++++ Given entries

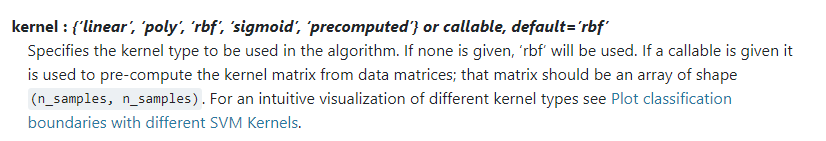 선택할 수 있다고 합니다. default 는 rbf입니다.
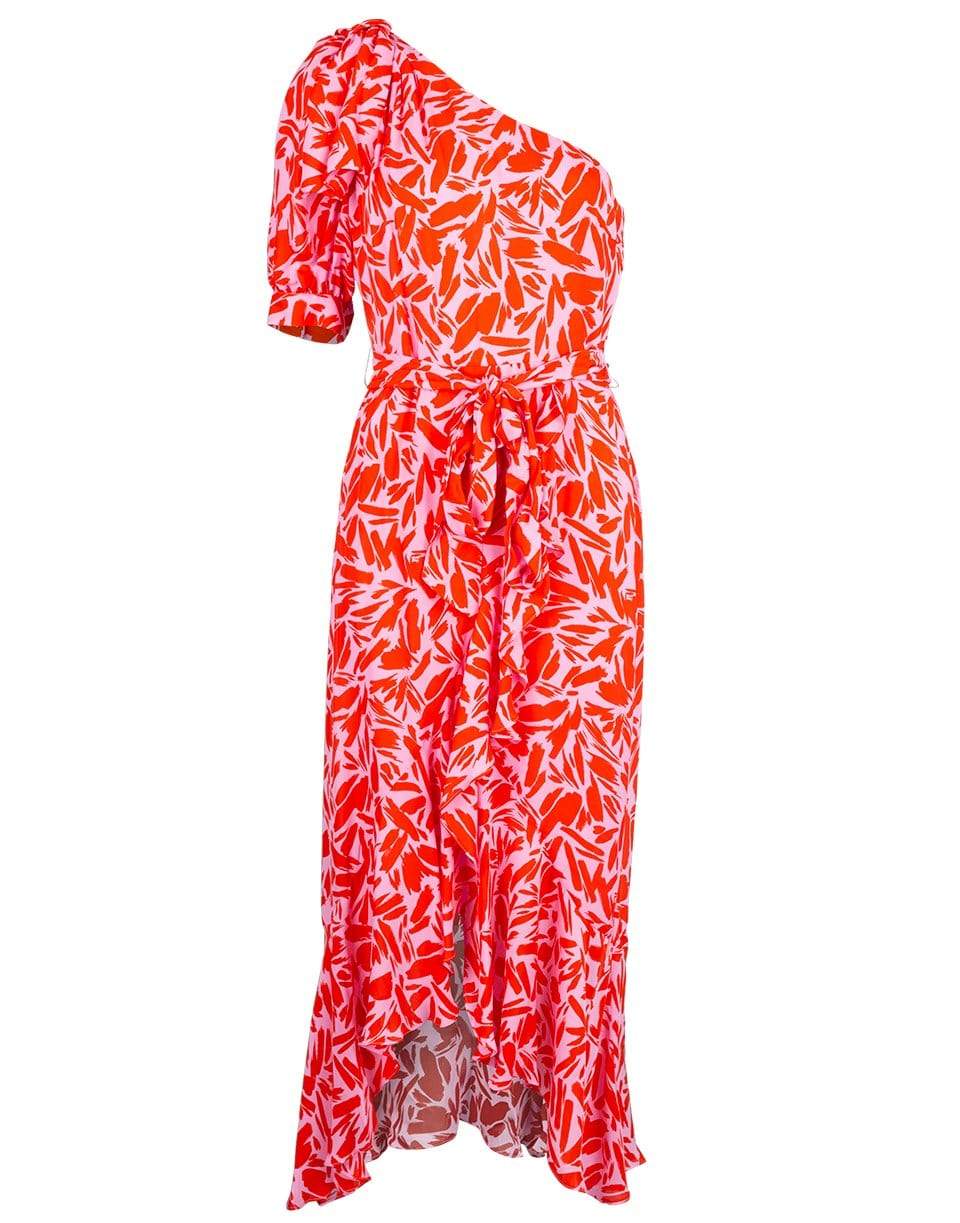 Veronica Beard poppy Vie Dress with a one-shoulder silhouette, slim waist, ruffle trim, detachable waist belt, high-low hem, and a mid-length.
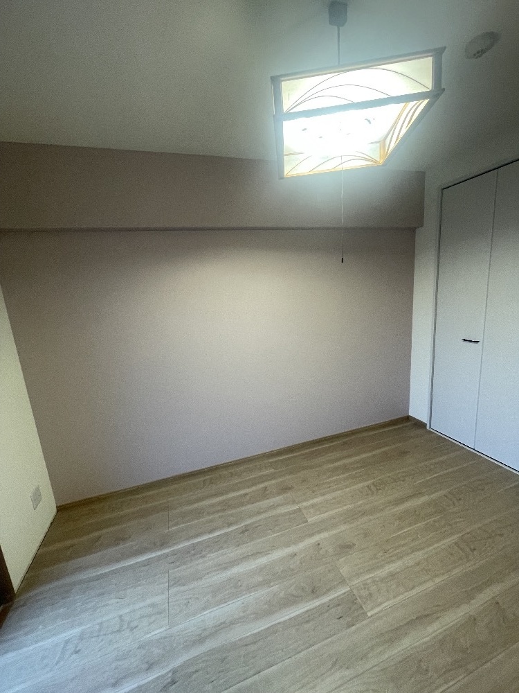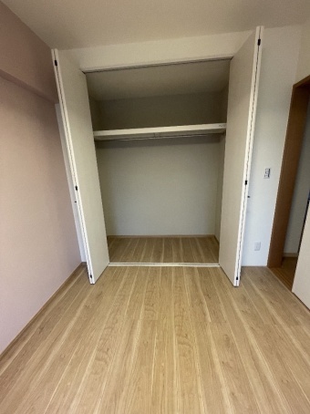 畳を剥がしてパーチを施工しフローリング仕上げ、押入は解体後枕棚(パイプ付き)を取り付けて長めのコートも掛けれるように仕上げています。
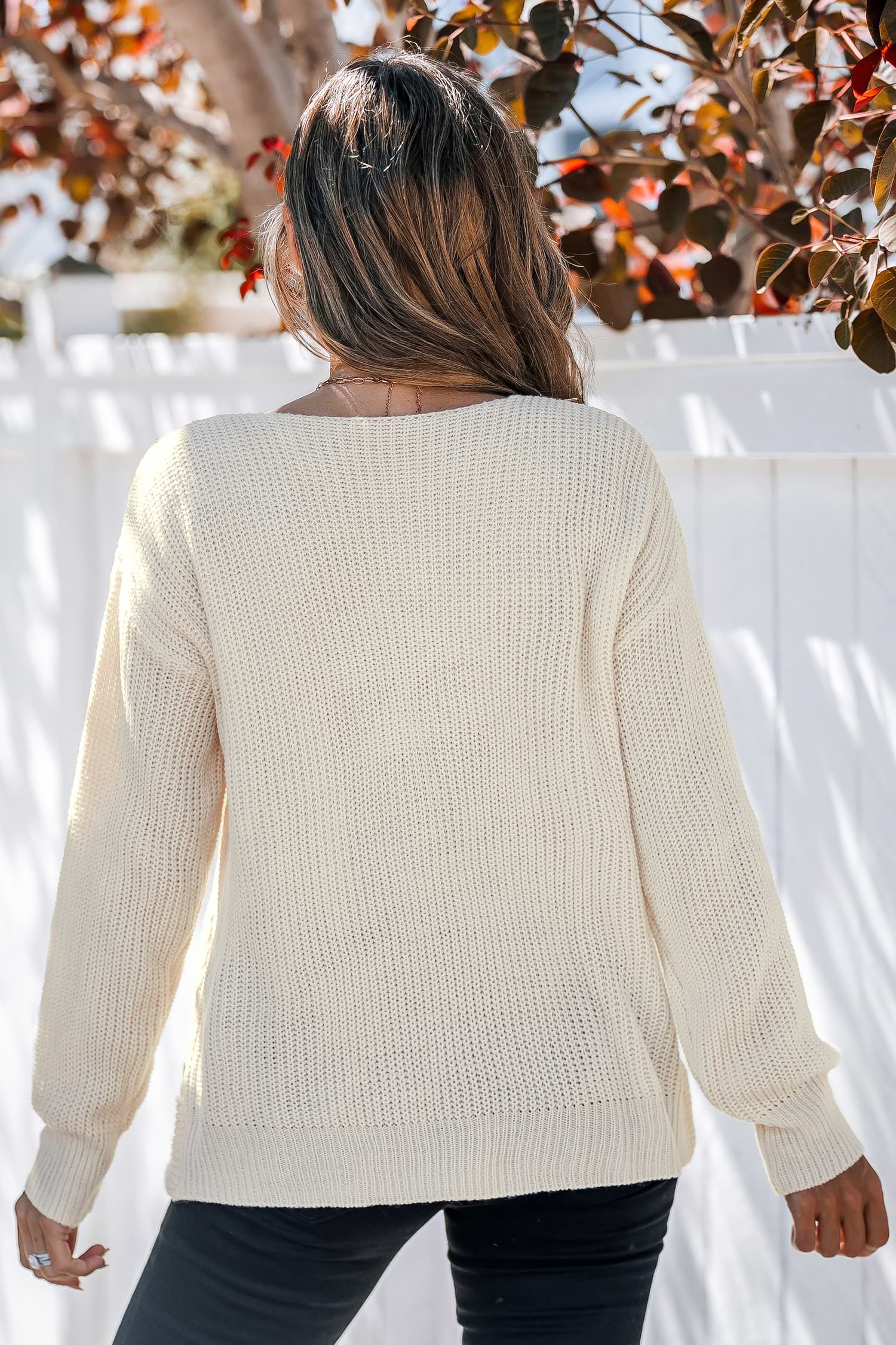 HomeBeige V-Neck Long Sleeve Twist Sweater
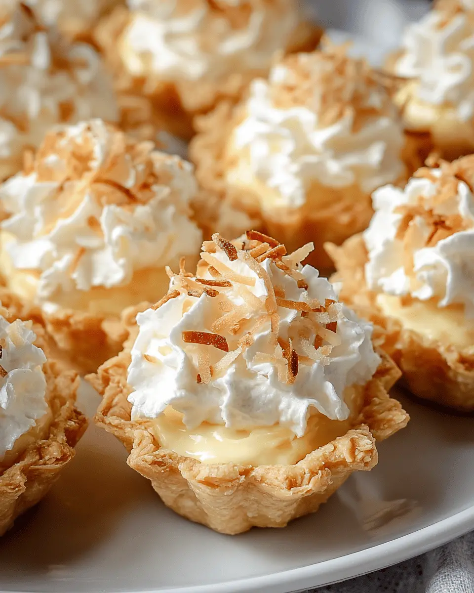 Indulge in these delightful mini coconut cream pies, perfect for satisfying your sweet tooth at home.
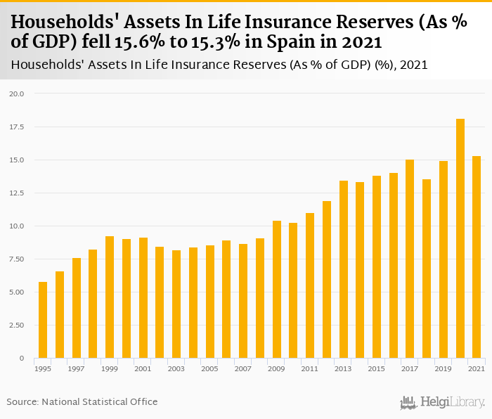 Historically, households' assets in life insurance reserves as of GDP in Spain reached an all time high of 18.2% in 2020 and an all time low of 5.79% in 1995.

++++++++

No picture belongs in the copy. Print every entry above exactly as it stands.

● Solution below
 선택할 수 있다고 합니다. default 는 rbf입니다.
 Veronica Beard poppy Vie Dress with a one-shoulder silhouette, slim waist, ruffle trim, detachable waist belt, high-low hem, and a mid-length.
 畳を剥がしてパーチを施工しフローリング仕上げ、押入は解体後枕棚(パイプ付き)を取り付けて長めのコートも掛けれるように仕上げています。
 HomeBeige V-Neck Long Sleeve Twist Sweater
 Indulge in these delightful mini coconut cream pies, perfect for satisfying your sweet tooth at home.
 Historically, households' assets in life insurance reserves as of GDP in Spain reached an all time high of 18.2% in 2020 and an all time low of 5.79% in 1995.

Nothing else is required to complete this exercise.